The past few weeks had felt like a blur. A haze. A gray wash - the first layer of paint an artist puts on a canvas before deciding what to paint. It was the worst kind of fugue state. Ritualistic to the point of disassociation. Stage. Video. Bowl. Name. Train.
The Tower, which he thought once would be a relic of a bygone era, had pulled Lee back into its prisonous grasp. Sure, it was in a bit of disrepair, and there was a weird offshoot where they had converted a first-floor Sponsor lounge into a living quarters for the Capitolites, but it was eerily still the same. Lee could have sworn the swirl of the steam rising from his tea was identical, even if that was a scientific impossibility.
But here he was, again, with an over-brewed cup of tea that he even paid too much for, looking at the not-so-shiny marble floors of the Tower. He was shocked into stillness as waves of memory flooded back. It was all happening again - when it wasn't supposed to.

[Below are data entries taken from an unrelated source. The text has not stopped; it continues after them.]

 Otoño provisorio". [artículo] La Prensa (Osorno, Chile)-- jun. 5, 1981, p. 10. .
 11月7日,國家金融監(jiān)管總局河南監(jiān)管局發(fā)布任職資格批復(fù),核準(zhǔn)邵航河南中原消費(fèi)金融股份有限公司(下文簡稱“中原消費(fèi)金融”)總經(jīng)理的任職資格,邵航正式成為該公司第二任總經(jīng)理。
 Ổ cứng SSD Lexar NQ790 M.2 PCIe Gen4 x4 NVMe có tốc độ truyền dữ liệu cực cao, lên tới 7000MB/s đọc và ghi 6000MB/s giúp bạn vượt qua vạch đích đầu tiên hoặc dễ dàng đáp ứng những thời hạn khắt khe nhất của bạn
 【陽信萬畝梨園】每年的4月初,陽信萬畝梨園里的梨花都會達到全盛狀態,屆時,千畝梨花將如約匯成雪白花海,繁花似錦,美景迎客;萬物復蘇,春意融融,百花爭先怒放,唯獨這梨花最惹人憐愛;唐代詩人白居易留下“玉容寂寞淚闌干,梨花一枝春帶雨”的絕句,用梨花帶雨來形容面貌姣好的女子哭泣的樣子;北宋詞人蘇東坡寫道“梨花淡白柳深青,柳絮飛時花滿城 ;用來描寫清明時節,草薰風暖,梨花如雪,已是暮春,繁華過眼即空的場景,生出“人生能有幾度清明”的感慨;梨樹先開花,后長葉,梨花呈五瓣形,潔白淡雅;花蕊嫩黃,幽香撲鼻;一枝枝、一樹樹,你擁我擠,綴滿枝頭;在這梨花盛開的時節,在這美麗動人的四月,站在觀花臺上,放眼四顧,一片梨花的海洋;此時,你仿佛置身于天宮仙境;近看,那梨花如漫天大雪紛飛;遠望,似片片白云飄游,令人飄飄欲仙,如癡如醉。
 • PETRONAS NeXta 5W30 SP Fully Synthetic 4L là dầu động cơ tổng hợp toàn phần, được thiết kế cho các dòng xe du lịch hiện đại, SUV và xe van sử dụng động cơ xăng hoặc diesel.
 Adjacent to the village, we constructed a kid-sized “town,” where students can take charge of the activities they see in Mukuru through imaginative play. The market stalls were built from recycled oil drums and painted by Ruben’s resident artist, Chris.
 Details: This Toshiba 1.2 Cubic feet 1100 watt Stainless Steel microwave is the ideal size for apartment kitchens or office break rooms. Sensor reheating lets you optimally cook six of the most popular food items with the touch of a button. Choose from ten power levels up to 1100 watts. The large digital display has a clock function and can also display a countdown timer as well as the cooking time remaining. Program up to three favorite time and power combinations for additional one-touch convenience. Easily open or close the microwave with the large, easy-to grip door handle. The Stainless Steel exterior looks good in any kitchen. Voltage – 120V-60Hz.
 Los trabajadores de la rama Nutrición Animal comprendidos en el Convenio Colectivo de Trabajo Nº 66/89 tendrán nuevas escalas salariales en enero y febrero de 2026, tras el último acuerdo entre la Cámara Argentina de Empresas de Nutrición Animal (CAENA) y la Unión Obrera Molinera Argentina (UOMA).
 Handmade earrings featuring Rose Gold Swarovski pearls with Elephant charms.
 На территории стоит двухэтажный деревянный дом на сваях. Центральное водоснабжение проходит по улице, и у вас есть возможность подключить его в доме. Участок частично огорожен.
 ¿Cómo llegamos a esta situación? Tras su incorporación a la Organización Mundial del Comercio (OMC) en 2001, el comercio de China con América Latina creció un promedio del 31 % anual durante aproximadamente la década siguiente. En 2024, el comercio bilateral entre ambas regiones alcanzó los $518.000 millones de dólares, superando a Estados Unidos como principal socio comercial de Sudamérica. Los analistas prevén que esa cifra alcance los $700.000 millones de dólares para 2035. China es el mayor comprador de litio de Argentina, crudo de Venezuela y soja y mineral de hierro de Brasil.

No - no. No. It was too much. Lee's breath caught in the pit of his stomach and suddenly left his lungs empty. His eyesight blurred for a moment, and phantoms of the past overlapped in the lobby ahead. Linden. Alder. Donnegal. Dozens of others who he never saw again. No. No.
Before his brain could clear the chilling sight, his legs had kicked into gear to backpedal out of the Tower and into the blinding light of the Capitol streets. He only managed to take two steps into the mercifully bright sun before blindly colliding with someone.
"Shit, sorry," he muttered, clawing at his eyes with his free hand. His other one stung from where some of his tea cascaded over the lip of the cup to bite into the cold air. "Just had to... I dunno. Get outta there."